Like all ships, an LPG vessel requires certification from international agencies before sailing out. Maharishi Devatreya was to have renewed its certificate from Lloyd’s Register before carrying LPG from the port to whichever destination it had been contracted for.

The certificate is basically an endorsement that a ship is sailworthy. If the mandatory inspection reveals any fault, it has to be repaired, which would then add to the shipping company’s costs.

During the January-March quarter, Varun Shipping posted a loss of Rs 120.04 crore, according to information available on the BSE website.

Yudhishthir D. Khatau, chairman and managing director of Varun Shipping that specialises in the tanker business, did not respond to several calls from Metro to his mobile phone.

Sources said Varun Shipping had been doing well until the tide turned two years ago. The company apparently ran into trouble after being forced to repair ships at a cost higher than estimated.

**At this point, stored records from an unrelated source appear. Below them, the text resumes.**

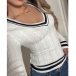 Fashion Contrast Color Stripe V-neck Long Sleeve Cable Knitted Sweater
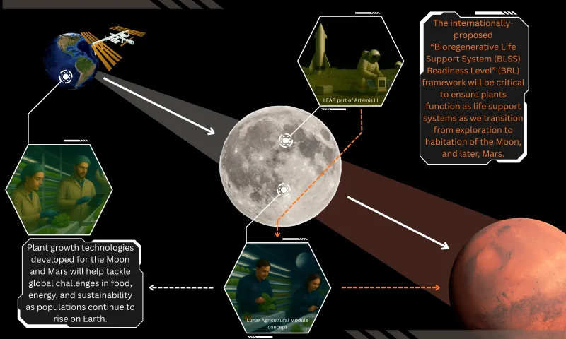 A global consortium of more than 40 scientists from 11 countries and seven space agencies has developed a new roadmap for the plant science and technology breakthroughs needed to make long-term human life on the Moon, and later Mars, possible.
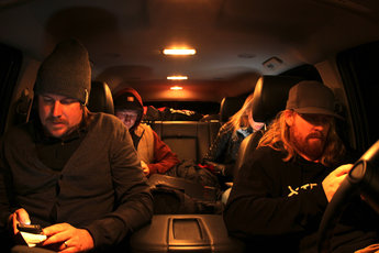 Under lunchen medan vi andra sitter och kämpar i oss varsin gigantisk nachotallrik, blir Eric fast i baren bland några lokala skidåkare som hämtar andan över en Budweiser. Eric minglar sig alltid fram som en socialt understimulerad teddybjörn, och nu liksom så många gånger förr, utmynnar det i ett spännande möte med en galen amerikan.
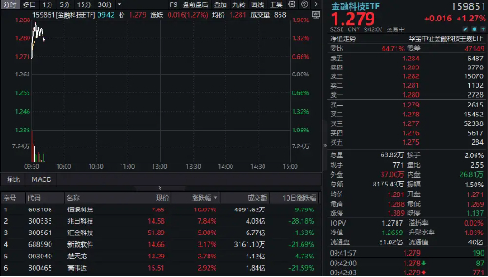 热门ETF方面,反弹急先锋——金融科技ETF(159851)大幅冲高,场内价格一度涨近2%,实时成交额快速突破81000万元!
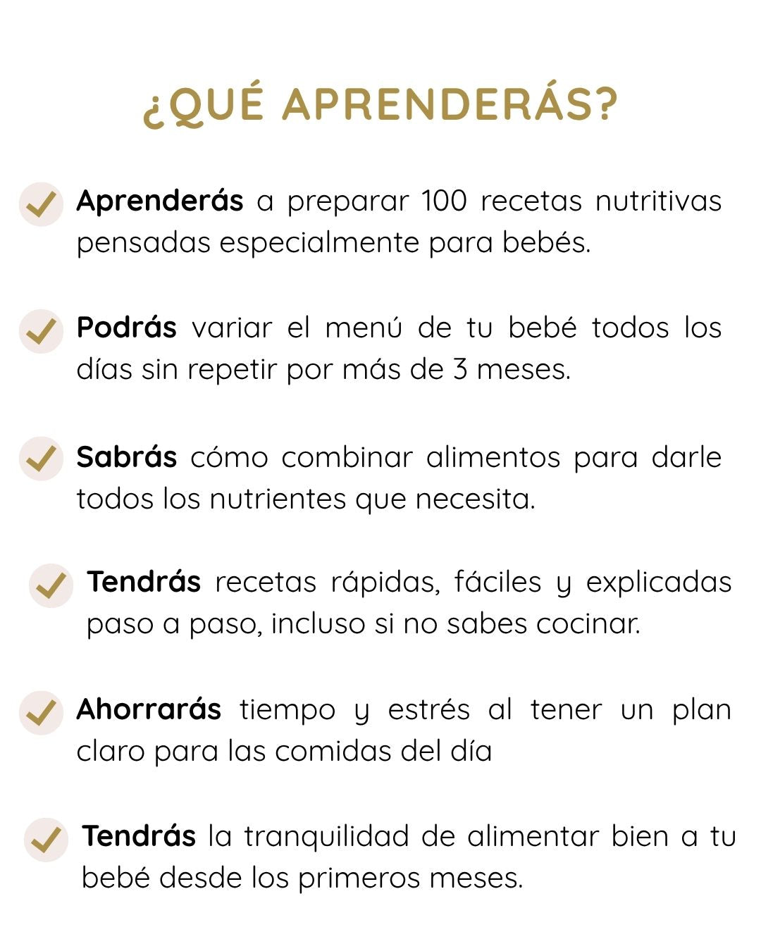 👉 Incluye 100 recetas saludables para bebés, explicadas paso a paso. También recibirás consejos de alimentación, ideas de menú y guía de introducción de alimentos según la edad.
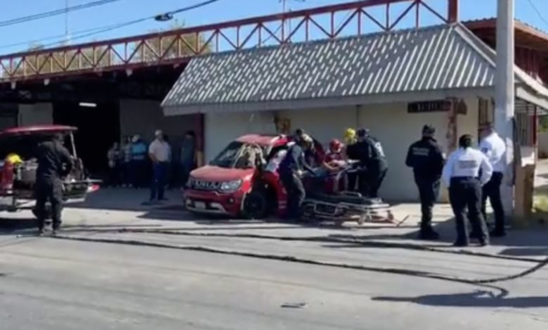 El percance ocurrió sobre la avenida López Mateos, al llegar al cruce con la calle Torreón, cuando una camioneta Dodge Ram negra impactó un vehículo compacto Suzuki rojo que tenía el paso libre. La conductora, identificada como Laura, quedó atrapada dentro de su automóvil debido a la fuerza del choque.
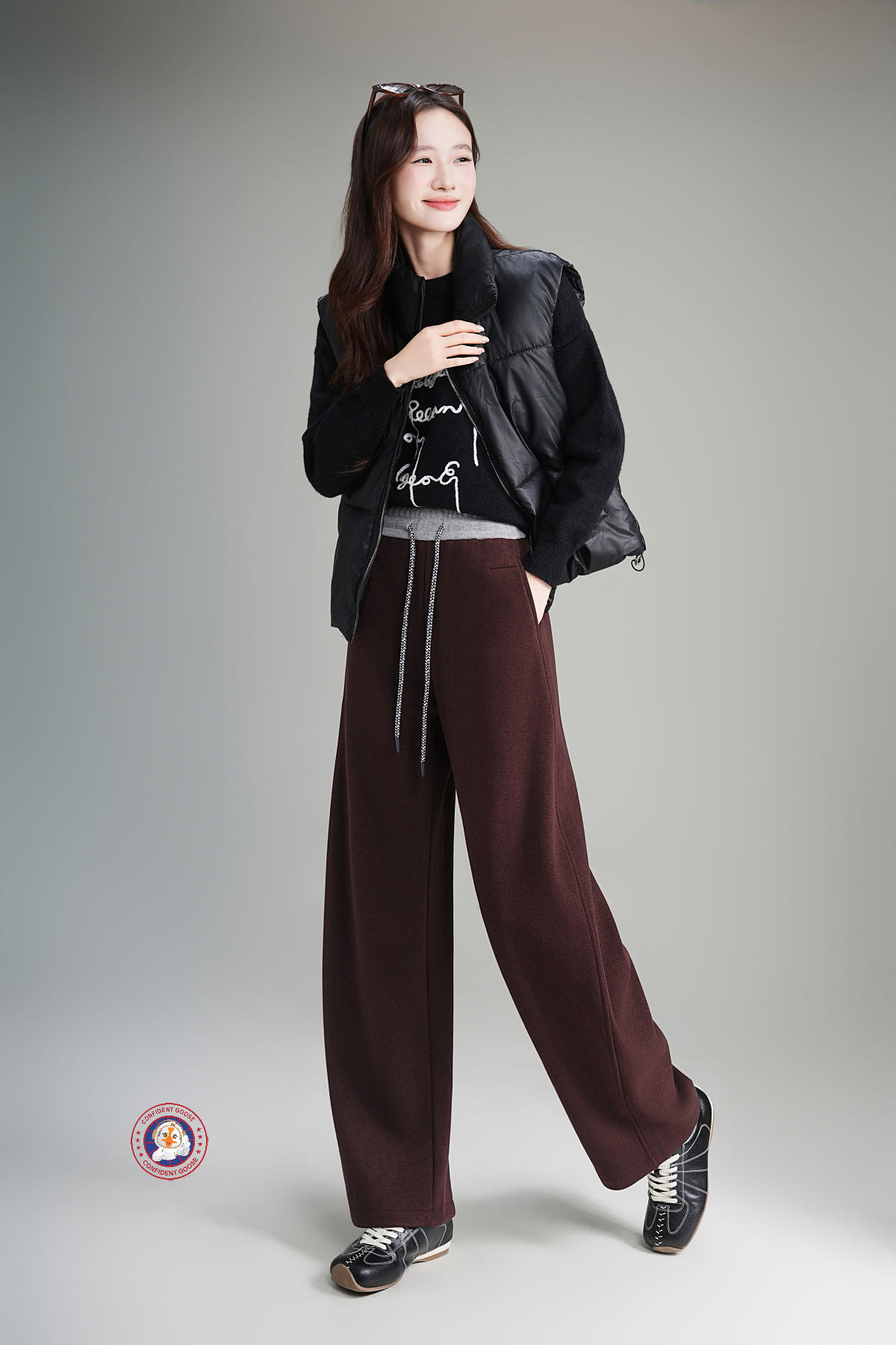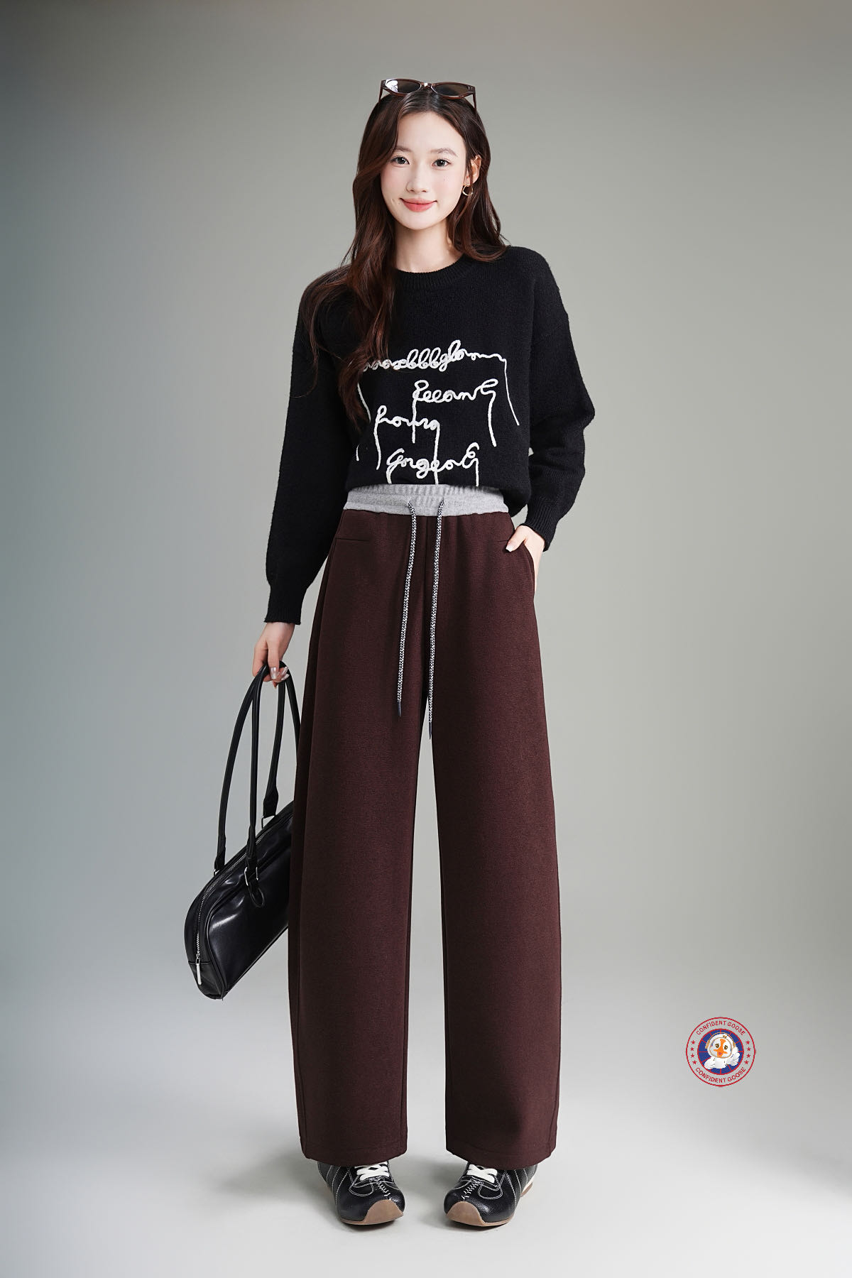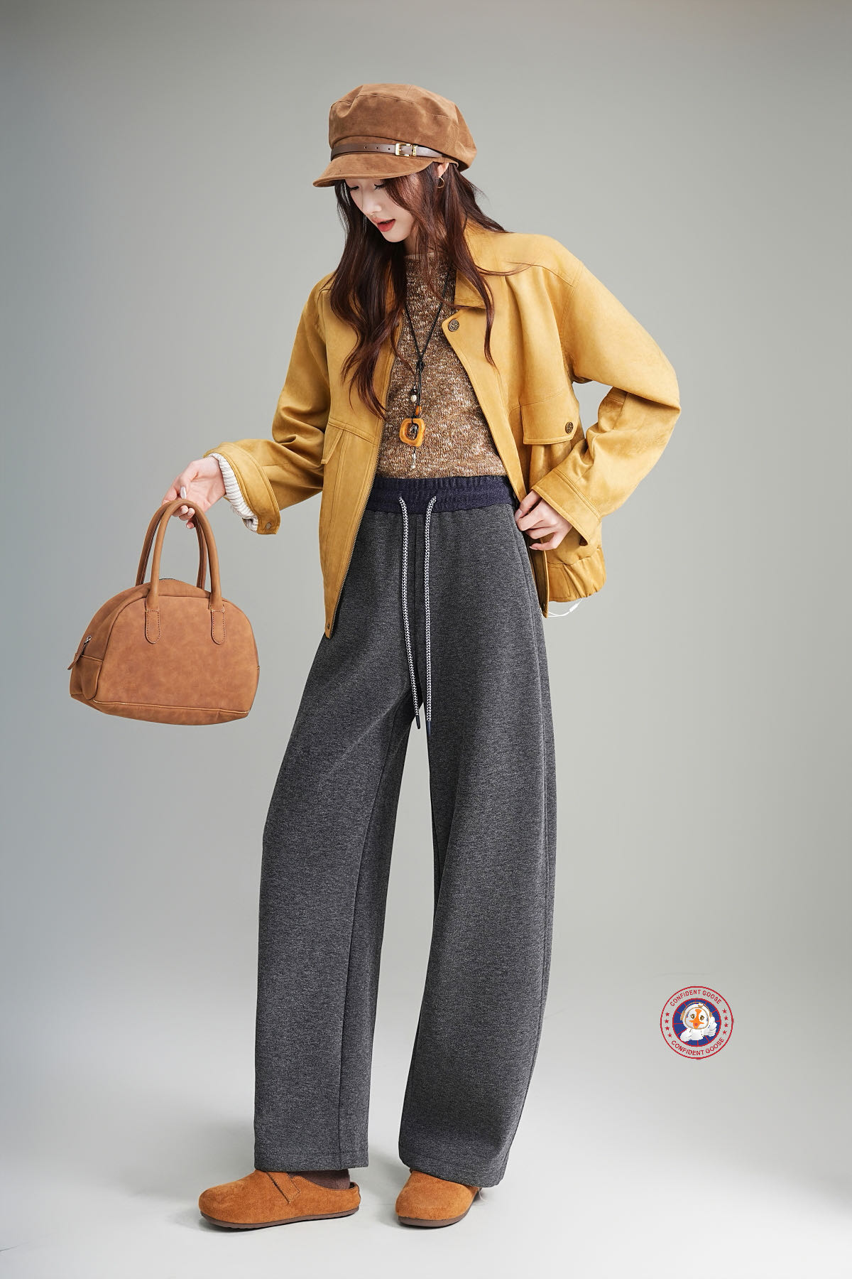 过冬神裤【Confident Goose加绒弯刀裤】腿粗 胯宽全藏住 腰头撞色+抽绳设计 加绒加厚 软糯亲肤#L

“But it still does not make business sense to keep a ship stranded. It should be sailing to earn revenue. It is a strange thing, though not unusual,” a trade veteran said. “Whatever the condition of the shipping company, the human aspect is important. They (the crew) must be brought back home.”

Captain Sengupta warned that the “mental health” of some of the crew members could deteriorate rapidly if they were not taken back home immediately.

“They may suffer from traumatic stress disorder. Being sailors, they have been able to withstand stress till now. Any person not used to being on sea for long would have been affected much earlier,” psychiatrist Ranadip Ghosh Roy said.

Even if they are suddenly allowed to leave, the crew cannot fly out of Dubai because their visas have lapsed. “The crew can only go to the port or enter Dubai on a temporary pass, though that option can’t be used because the ship is anchored far away. In the event of a medical emergency, a crew member can be hospitalised on shore under the same rules,” a source said.

The option of abandoning Maharishi Devatreya doesn’t exist because the certification impasse doesn’t come under any of the 16 stipulated distress situations that can justify deserting the ship under international seafarer rules.

Sengupta, whose contract with Varun Shipping expired in March, knows that the one choice available to him is to remain Captain Courageous.